A big part of the modern gaming industry is evolution, and that’s not just in games design and new technologies. We’ve also seen a rise in subscriptions and game streaming services that offer large libraries of games to players for one monthly or annual fee.
The marketplace is now flooded with services based on your preferred platform of choice including Playstation Now, Xbox Game Pass, EA Play, Uplay Plus and even Apple Arcade and Google Play Pass on mobile devices. In the case of Nintendo, they had an online service similar to PS Plus and Xbox Live that came with access to a small library of NES games, but no set subscription service in the same vein as competitors.
Until recently anyway. Back in late October, Nintendo finally released what is arguably their response to the other services mentioned above with their ‘Nintendo Switch Online Expansion Pack’. Billed as a separate extension of their existing online service, the pack comes with a library of Nintendo 64 games and an Animal Crossing: New Horizons DLC and a promise of more content to come in the near future.
Now, this should’ve been incredibly exciting news for all Nintendo fans and an easy win for Nintendo themselves… The chance to revisit some of the company’s most-loved games and play them handheld or on a TV with ease? Should be a knock-out. But from the moment the expansion was announced, in the middle of an Animal Crossing update with no price point announced, concerns started to grow about the cost of the service.
Eventually, that price came as part of the Nintendo Direct series and led to one of Nintendo’s most disliked YouTube videos ever, as the service was revealed to cost £35 ($30 USD) extra on top of the Nintendo Switch Online subscription that is already £18. Overall, it costs less than Xbox’s £132 Game Pass and is similar in cost to PS Now, but with a much smaller selection of games and no calendar for future updates, it’s easy to understand the concerns.
Then came the launch of the Expansion Pack. Subscribers soon reported a raft of issues with the emulation including low frame rates, input lag, delayed sound effects, texture problems and more. As of writing, Nintendo have responded to these concerns by saying further improvements and updates are still to come for the Expansion, but it still highlights something.
As the gaming industry moves towards more subscription based offerings that bolster up longer development periods in which less big titles release, the services offered need to be able to stand their ground and offer value for the cost. Gamers have proven that when required, they’re unafraid to speak out and demand a better service for their money and especially in gaming, great reputations are hard to earn and easy to lose.

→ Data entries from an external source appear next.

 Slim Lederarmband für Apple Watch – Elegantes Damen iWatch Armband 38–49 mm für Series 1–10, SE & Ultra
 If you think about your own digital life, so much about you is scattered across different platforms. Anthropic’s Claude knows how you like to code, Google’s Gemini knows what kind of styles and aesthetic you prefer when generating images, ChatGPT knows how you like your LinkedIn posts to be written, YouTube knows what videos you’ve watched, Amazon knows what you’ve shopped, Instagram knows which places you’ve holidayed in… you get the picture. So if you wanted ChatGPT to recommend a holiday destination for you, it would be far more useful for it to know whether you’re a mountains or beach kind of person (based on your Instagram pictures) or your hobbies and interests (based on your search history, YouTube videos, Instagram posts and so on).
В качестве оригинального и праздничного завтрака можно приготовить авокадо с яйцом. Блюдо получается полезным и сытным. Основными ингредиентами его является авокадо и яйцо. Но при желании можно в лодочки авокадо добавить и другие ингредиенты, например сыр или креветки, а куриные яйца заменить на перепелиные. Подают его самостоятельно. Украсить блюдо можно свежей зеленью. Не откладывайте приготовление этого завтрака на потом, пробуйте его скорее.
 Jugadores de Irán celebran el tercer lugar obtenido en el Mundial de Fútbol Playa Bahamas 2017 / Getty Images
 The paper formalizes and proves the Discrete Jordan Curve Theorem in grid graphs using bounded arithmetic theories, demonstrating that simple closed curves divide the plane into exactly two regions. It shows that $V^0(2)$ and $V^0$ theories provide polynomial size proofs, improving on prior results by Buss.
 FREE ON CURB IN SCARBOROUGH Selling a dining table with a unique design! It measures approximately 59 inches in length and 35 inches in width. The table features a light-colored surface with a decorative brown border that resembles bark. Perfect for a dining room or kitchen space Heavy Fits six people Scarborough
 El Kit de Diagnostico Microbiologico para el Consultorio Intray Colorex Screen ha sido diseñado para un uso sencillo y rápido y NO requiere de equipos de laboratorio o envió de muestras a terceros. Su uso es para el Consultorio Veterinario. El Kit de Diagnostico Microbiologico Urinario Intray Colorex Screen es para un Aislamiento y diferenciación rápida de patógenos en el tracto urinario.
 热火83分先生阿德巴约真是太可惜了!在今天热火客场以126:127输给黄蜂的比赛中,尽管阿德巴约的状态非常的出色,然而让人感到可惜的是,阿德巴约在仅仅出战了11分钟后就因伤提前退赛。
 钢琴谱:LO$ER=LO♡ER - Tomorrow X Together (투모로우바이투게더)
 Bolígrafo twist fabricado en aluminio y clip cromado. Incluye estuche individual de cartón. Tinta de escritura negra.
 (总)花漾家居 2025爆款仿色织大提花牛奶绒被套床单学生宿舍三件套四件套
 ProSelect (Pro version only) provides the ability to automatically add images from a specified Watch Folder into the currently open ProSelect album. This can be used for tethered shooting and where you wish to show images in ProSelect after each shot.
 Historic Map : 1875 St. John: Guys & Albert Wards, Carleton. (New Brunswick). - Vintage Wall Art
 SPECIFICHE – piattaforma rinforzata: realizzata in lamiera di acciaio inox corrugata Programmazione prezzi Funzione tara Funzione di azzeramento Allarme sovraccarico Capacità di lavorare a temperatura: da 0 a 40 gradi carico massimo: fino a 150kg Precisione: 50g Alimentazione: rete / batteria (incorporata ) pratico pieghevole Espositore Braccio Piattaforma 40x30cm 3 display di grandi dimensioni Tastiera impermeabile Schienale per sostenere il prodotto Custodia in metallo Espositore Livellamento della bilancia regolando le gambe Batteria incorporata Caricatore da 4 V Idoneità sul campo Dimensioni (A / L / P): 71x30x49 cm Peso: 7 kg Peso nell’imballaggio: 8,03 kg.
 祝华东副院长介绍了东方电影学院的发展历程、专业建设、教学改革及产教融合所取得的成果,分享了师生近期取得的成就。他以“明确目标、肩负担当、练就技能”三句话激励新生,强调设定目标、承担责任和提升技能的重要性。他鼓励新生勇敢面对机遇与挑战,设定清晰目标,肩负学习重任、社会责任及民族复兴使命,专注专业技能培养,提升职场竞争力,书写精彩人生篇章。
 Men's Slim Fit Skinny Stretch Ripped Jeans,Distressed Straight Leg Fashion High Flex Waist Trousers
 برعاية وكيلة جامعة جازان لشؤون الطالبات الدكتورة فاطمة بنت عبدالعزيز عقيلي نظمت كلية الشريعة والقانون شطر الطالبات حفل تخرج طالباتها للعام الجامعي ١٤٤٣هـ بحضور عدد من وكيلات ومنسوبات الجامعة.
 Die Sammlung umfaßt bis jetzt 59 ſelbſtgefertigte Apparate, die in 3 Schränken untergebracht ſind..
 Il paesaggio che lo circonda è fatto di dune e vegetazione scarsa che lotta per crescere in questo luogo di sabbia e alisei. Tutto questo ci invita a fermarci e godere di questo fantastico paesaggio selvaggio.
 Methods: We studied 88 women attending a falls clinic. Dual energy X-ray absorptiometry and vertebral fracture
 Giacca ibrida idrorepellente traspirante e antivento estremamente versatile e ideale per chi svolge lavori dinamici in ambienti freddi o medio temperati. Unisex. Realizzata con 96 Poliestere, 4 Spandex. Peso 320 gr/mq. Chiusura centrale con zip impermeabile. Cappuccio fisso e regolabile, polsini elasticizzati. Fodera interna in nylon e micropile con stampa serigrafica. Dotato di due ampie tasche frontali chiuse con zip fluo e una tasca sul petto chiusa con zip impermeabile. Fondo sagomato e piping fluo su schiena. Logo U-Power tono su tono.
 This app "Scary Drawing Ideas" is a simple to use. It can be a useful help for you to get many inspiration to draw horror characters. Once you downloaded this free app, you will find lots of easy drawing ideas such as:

Arguably, a contributing factor to the anger towards Nintendo is the wealth of successful and smooth services already available from competitors that are good value with a high-quality stream. Compare these services to Nintendo’s patchy emulation filled with issues and a small library of games at a price point that players aren’t happy about, and this stands out in the market in a quite negative way.
All of this is important because with the launch of Google Stadia in 2019, a cloud-based gaming console and heavy rumours that Netflix will begin to offer games streams as part of their offer, it appears the market is starting to shift towards a future based on streaming. There are great examples in these early adopters and Nintendo could’ve been one of those if they had a more family-friendly price point and a high-quality package. Fortunately, there is still time for Nintendo to bring the service into favour with players. If the future is truly in streaming and cloud-based gaming, the benchmark for quality is currently with Sony and Microsoft in which price and product are balanced and keep players coming back for more.